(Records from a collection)
|---|

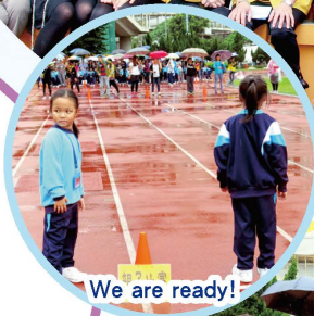
We are ready!
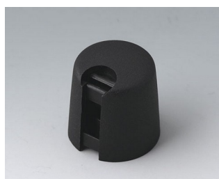
A1016649 TOP-KNOBS 16 PA 6 nero 16x16mm
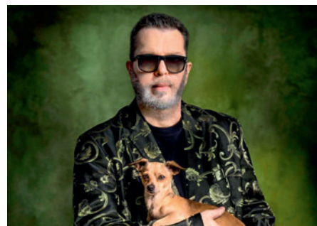
8. 8. Richard Müller - 40 let na scéně
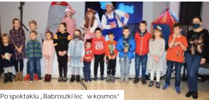
Po spektaklu „Babroszki lecą w kosmos”

Gminny Ośrodek Kultury i Rekreacji w Mszanie ruszył z cyklem dla dzieci „Teatralne soboty”.
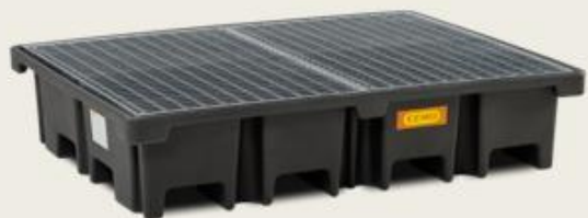
Tankvana od LLDPE materijala za 4 bureta Zapremina 460 lt
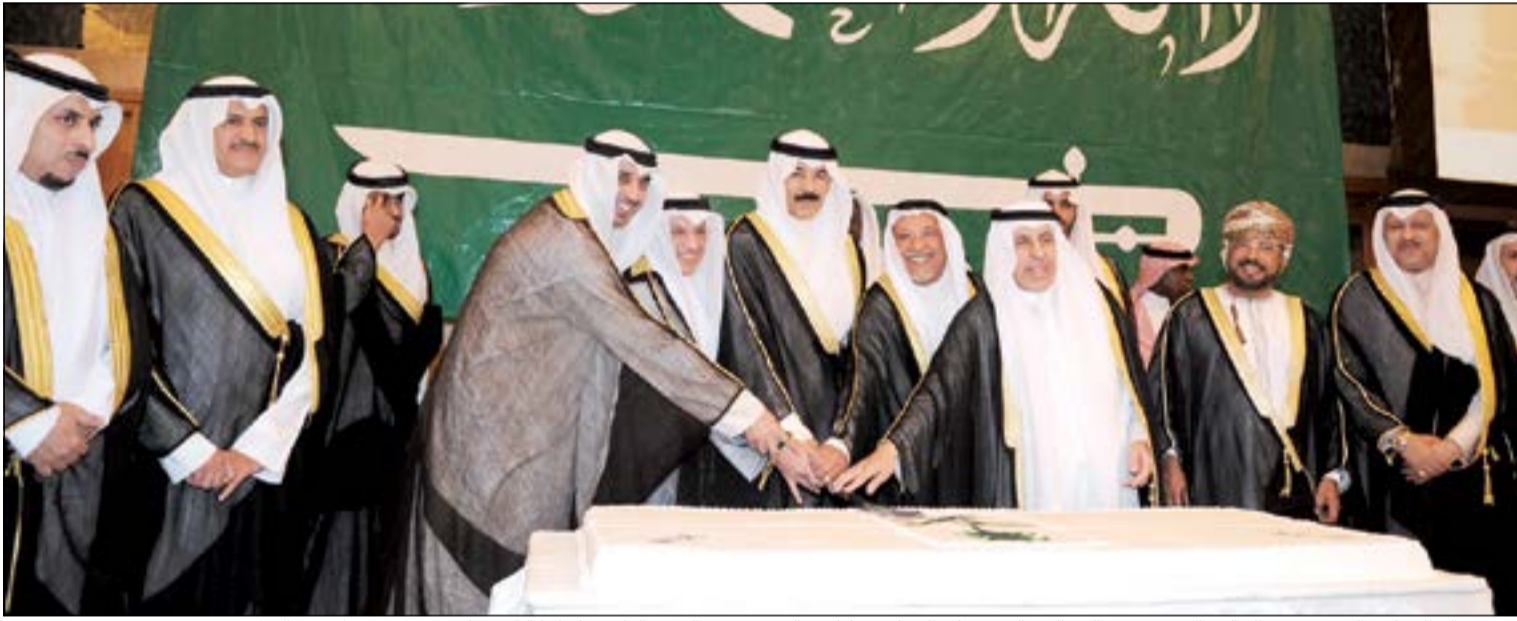
الشيخ خالد الجراح والشيخ محمد الخالد والشيخ محمد العبدالله والشيخ علي الجراح يشاركون السفير د.عبدالعزیز الفایز قطع كيكية الاحتفال بحضور سفراء دول التعاون
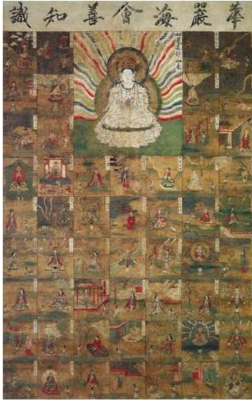
<그림 6> 華嚴海會善知識曼多羅. 비단에 색. 세로 182.4cm. 가로116.1cm. 가마쿠라시대(13세기). 도다이지 소장.
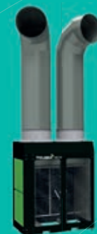
Tolsma Air 50 Ventilatoren
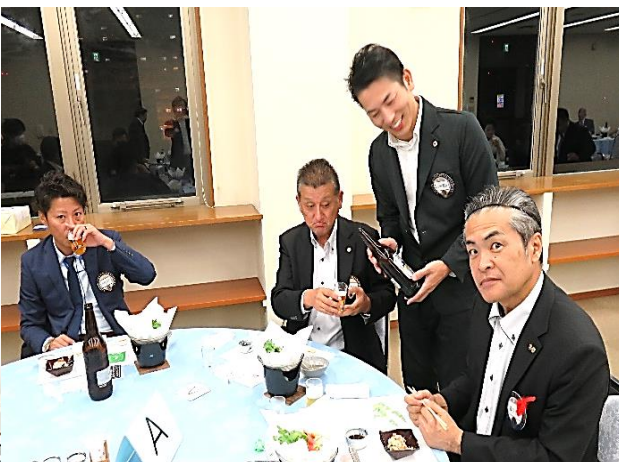
新会員を囲んで和やかに懇親
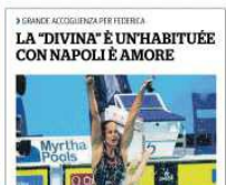
FEDERICA PELLEGRINI ALLA TERZA PARTECIPAZIONE AL GRAN PRIX - CITTÀ DI NAPOLI
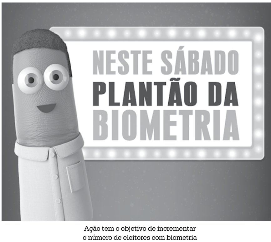
Ação tem o objetivo de incrementar o número de eleitores com biometria

DOCUMENTOS NECESSÁRIOS No momento do atendimento, o eleitor deve levar documento oficial de identificação e comprovante de residência. Se tiver o título, deve apresentá-lo também. O documento oficial de identificação precisa ser original, com foto, como RG, carteira de trabalho e carteira profissional emitida por órgão criado por lei federal. O comprovante de residência deve conter o nome do eleitor ou de seus pais. BIOMETRIA A biometria é uma tecnologia que confere ainda mais segurança à identificação do eleitor no momento da votação. Acoplado à uma eletrônica, o leitor biométrico confirma a identidade de cada pessoa por meio das impressões digitais, armazenadas em um banco de dados da Justiça Eleitoral e transferidas para as urnas eletrônicas.

|---|

PROMPT: Wherever a line in the records above includes "biometria", count it, then give the total and nothing besides.

RESULT BELOW: 2